Further investigation of the quantifications by the DIA-only and the DDA-assisted approaches suggested both similarities and differences. The overall correlations between the approaches were high: 0.99 for the 12mix (p < 0.001) and 0.81 for the human fecal samples (p < 0.001) (Figure 3C-D). In general, however, the DIA-only estimates for many of the peptides were somewhat higher than the estimates produced by the DDA-assisted approach. This is related to differences in the libraries built by the approaches, where each unique peptide can be represented by multiple ions with different charge states and modifications and the same peptide is typically represented by a partially different set of fragments (Supplementary Figure 3). This results in quantification differences between the approaches, because the peptides are quantified on the basis of the fragment level.
Discussion
We introduce here a new computational tool for DIA metaproteomics to overcome the main limitations of the currently used DDA-based methods.

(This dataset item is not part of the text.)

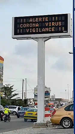 - ↑ « Covid-19 : 3 nouveaux cas enregistrés, portant à 168 le nombre de cas confirmés dont 06 guéris et 01 décès. (Ministère) - Abidjan.net Flash Info », sur Abidjan.net (consulté le )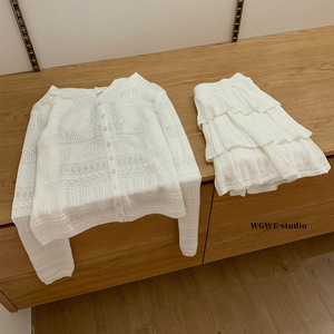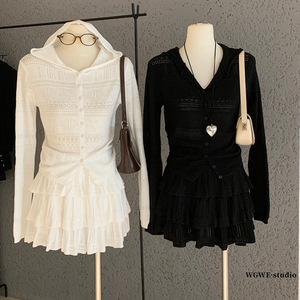 WGWE6943海星贝壳连帽长袖针织衫半身裙裤套装

Our results suggest that our new DIA-only approach of DIAtools 2.0 enables reproducible identification and quantification of metaproteome profiles beyond both the currently used DDA-assisted DIA approach or the more widely used DDA-only method. In particular, the DIAtools 2.0 DIA-only approach improves both the number of detections as well as their reproducibility over the DDA-based methods. Another major benefit of the proposed approach is that it reduces the number of samples that need to be analysed, as additional DDA-based analysis is no longer needed for library generation. This is of particular importance in studies with large numbers of samples, such as those in clinical study settings.
Microbiome profiling has attained increasing attention in the past few years with the recognition of the important role of microbiota in human health and disease. For instance, gut microbiome has been associated with various health and disease states and has been suggested as the “forgotten” human organ 11–13. Overall, better understanding of how the complex microbial communities in human influence disease pathogenesis has major implications for disease prediction, prevention, and treatment.
Currently, the most common approach to study microbiome is metagenomics. It has been successfully applied in various studies, including large multi-centre studies of thousands of samples using either 16S rRNA or whole genome sequencing 14. By cataloguing which microbes are present in a sample and their relative abundances, metagenomics can provide important information about the taxonomic composition of the microbial communities and predict their functional potential. A major limitation of the metagenome approach is, however, that it does not directly assess the function of the microbiota. To overcome this limitation, mass spectrometry based metaproteome analysis has emerged as an alternative option.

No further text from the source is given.